On 05/12/2018 08:41, Jan Beulich wrote:
>>>> On 04.12.18 at 22:35, <brian.wo...@amd.com> wrote:
>> The other thing I don't get is why advertise virtualized SSBD when the
>> guest setting it does nothing?  If ssbd_opt=true is set, as the code is
>> now, why even advertise it to the guest?  I'd suggest either allowing
>> the guest to turn it off or not advertise it at all (when ssbd_opt =
>> true).
> I think it's better to advertise the feature nevertheless: Otherwise
> the guest might either try some other way of mitigating the
> (believed) vulnerability, or it may report in its logs that it's vulnerable
> (without mitigation) when it really isn't.

opt_ssbd=true is there for the truly paranoid, and noone uses it in
practice.  It is a substantial performance hit for a corner case which
doesn't really manifest in compiled code (Furthermore, it is a corner
case which is far harder to hit on AMD hardware, as memory operands with
the same base pointer are guaranteed not to speculatively pass).  JIT'ed
environments are the ones at risk, and that is why there is a prctl()
for fine grained control.

The ~100% common case is opt_ssbd=0 from the host administrators point
of view, spec_store_bypass_disable=prctl (seriously - when did cmdline
options turn into essays?) from the guest kernel's point of view, and
certain processes specifically opting into SSBD via prctl().

However, we need MSR_VIRT_SPEC_CTRL to function correctly even when it
doesn't have an effect in hardware.

One contrived scenario is when a customer has opt_ssbd=0 on one server,
and opt_ssbd=1 on the other, and wants VMs to migrate between the two.
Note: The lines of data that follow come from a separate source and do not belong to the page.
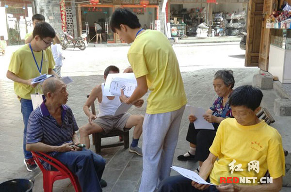 “三下乡”暑期社会实践团队来到湘西州花垣县,开展以“让边城不再是边缘——湘西苗族文化保护调研”、“普法宣传青年行”为主题的志愿服务活动。)
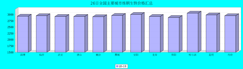 炼钢生铁淄博临沂武安唐山襄汾翼城安阳龙岩贵阳哈尔滨昆明均价L8-10293029502920292029102960300029202880305029802947涨跌000000-300000-3产地山东山东河北河北山西山西河南福建贵州黑龙江云…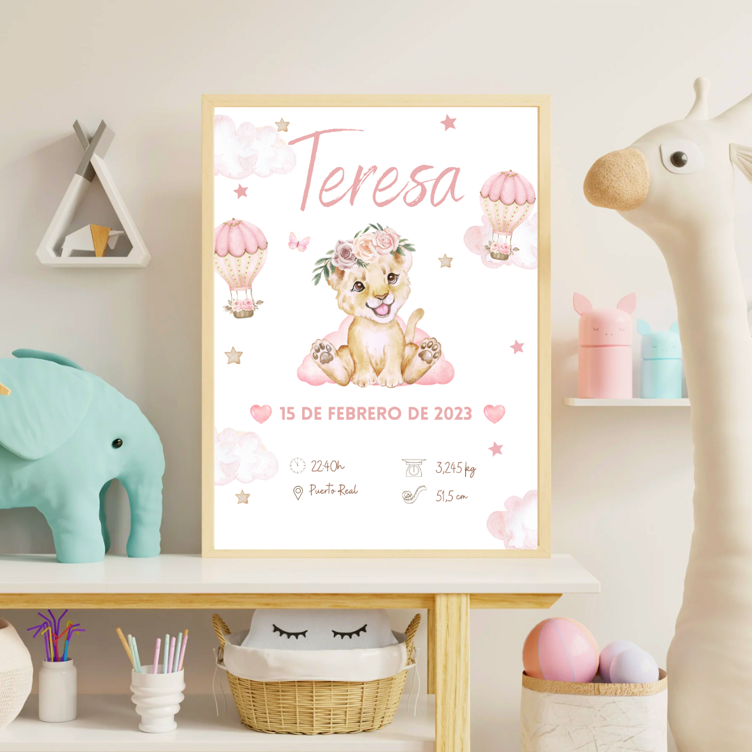 Decora su habitación con este natalicio personalizado con los datos de nacimiento de tu bebé.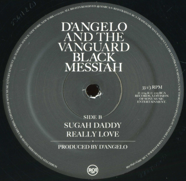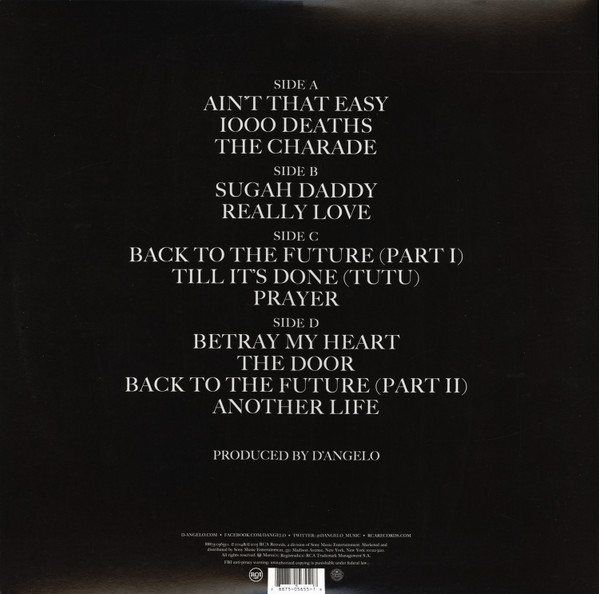 Gatefold sleeve. Includes eight-page booklet with a download code. ℗ 2014 & © 2015 RCA Records, a division of Sony Music Entertainment. Marketed and distributed by Sony Music Entertainment, 550 Madison Avenue, New York, New York 10022-3211. A1: Published by Ah Choo Music Publishing (ASCAP)/12:00 AM Music (ASCAP) (administered by Universal Polygram International Publishing), U Betta Like My Muzic/Songs Of SMP (ASCAP), Ear Kandy Music (BMI) A2: Published by Ah Choo Music Publishing (ASCAP)/12:00 AM Music (ASCAP) (administered by Universal Polygram International Publishing), Ear Kandy Music (BMI) Contains a portion of the audio from the film "The Murder of Fred Hampton" used courtesy of Chicago Film Archives. A3 and D4: Published by Ah Choo Music Publishing (ASCAP)/12:00 AM Music (ASCAP) (administered by Universal Polygram International Publishing), Legendelphia Music LLC/Universal Music-Careers (ASCAP), Ear Kandy Music (BMI) B1: Published by Ah Choo Music Publishing (ASCAP)/12:00 AM Music (ASCAP) (administered by Universal Polygram International Publishing), U Betta Like My Muzic/Songs Of SMP (ASCAP), Ear Kandy Music (BMI), Onip Songs/BMG Bumblebee (BMI), Gadtoon Music (BMI) B2: Published by Ah Choo Music Publishing (ASCAP)/12:00 AM Music (ASCAP) (administered by Universal Polygram International Publishing), Ear Kandy Music (BMI), Warner-Tamerlane Publishing Corp. (BMI) Contains a sample from "We The People Who Are Darker Than Blue" written and performed by Curtis Mayfield, published by Warner-Tamerland Publishing Corp. (BMI), under license from Warner Bros. Records, Inc. by arrangement with Rhino Entertainment Company, a Warner Music Group company. C1, C3, D1 and D3: Published by Ah Choo Music Publishing (ASCAP)/12:00 AM Music (ASCAP) (administered by Universal Polygram International Publishing) C2: Published by Ah Choo Music Publishing (ASCAP)/12:00 AM Music (ASCAP) (administered by Universal Polygram International Publishing), Ear Kandy Music (BMI), Onip Songs/BMG Bumblebee (BMI), Legendelphia Music LLC/Universal Music-Careers (ASCAP) D2: Published by Ah Choo Music Publishing (ASCAP)/12:00 AM Music (ASCAP) (administered by Universal Polygram International Publishing), Ear Kandy Music (BMI) Recorded at M.S.R. Studios, Hydra SF, Henson Studios, The Plant, Sear Sound, Avatar Studios and Quad Studios. Mixed at M.S.R. Studios and Henson Studios. "No digital "plug-ins" of any kind were used in this recording. All of the recording, processing, effects and mixing was done in the analog domain using tape and mstly vintage equipment for best results. Listen at maximum volume." Management: Kevin Liles, KWL Enterprises, Inc. and Alan Leeds, Shelltoe Entertainment Business Management: Joshua Klein and Keri Weaver, Monarch Business and Wealth Management, LLC Legal Representation: Paul Rothenberg, Samantha Shipp and Lesa Kasambalides, Rothenberg P.C. "Thanks to Peter Edge, Tom Corson, Jocelyn Cooper, Matthew Morgan, Michelle Ryang, Irene Sourlis, Carolyn Williams, Erwin Gorostiza, Theola Borden, Junko Takada, Annie Meaher, Beth Hawkins, Nat Pastor, Roe Williams, Ashish Chutei, Heathcliff Berru, Scott Mantell, Questlove, Q-Tip, Bill Reeves, Lou Barber, Roxane George, Mark Jenkins, Tina Farris, Cecilia Ramirez, The Vanguard (Past and Present), Little Homey, Dominique Trenier." Questlove appears courtesy of Def Jam Records. Roy Hargrove appears courtesy of Groove and High Records. Runouts are etched, except "MASTERDISK" is stamped.

A more realistic scenario is when a customer has purchased some Rome
hardware, and wants to upgrade their systems.  They will want to migrate
their VMs onto newer hardware, which will involve keeping the
guest-visible MSR_VIRT_SPEC_CTRL working as before.

Hopefully I'll have default-vs-max CPUID policies working by that point,
at which the default policy on Rome should have MSR_SPEC_CTRL, and the
max policy have both MSR_SPEC_CTRL and MSR_VIRT_SPEC_CTRL, so we can
safely migrate in VMs which are using it, but not offer it by default.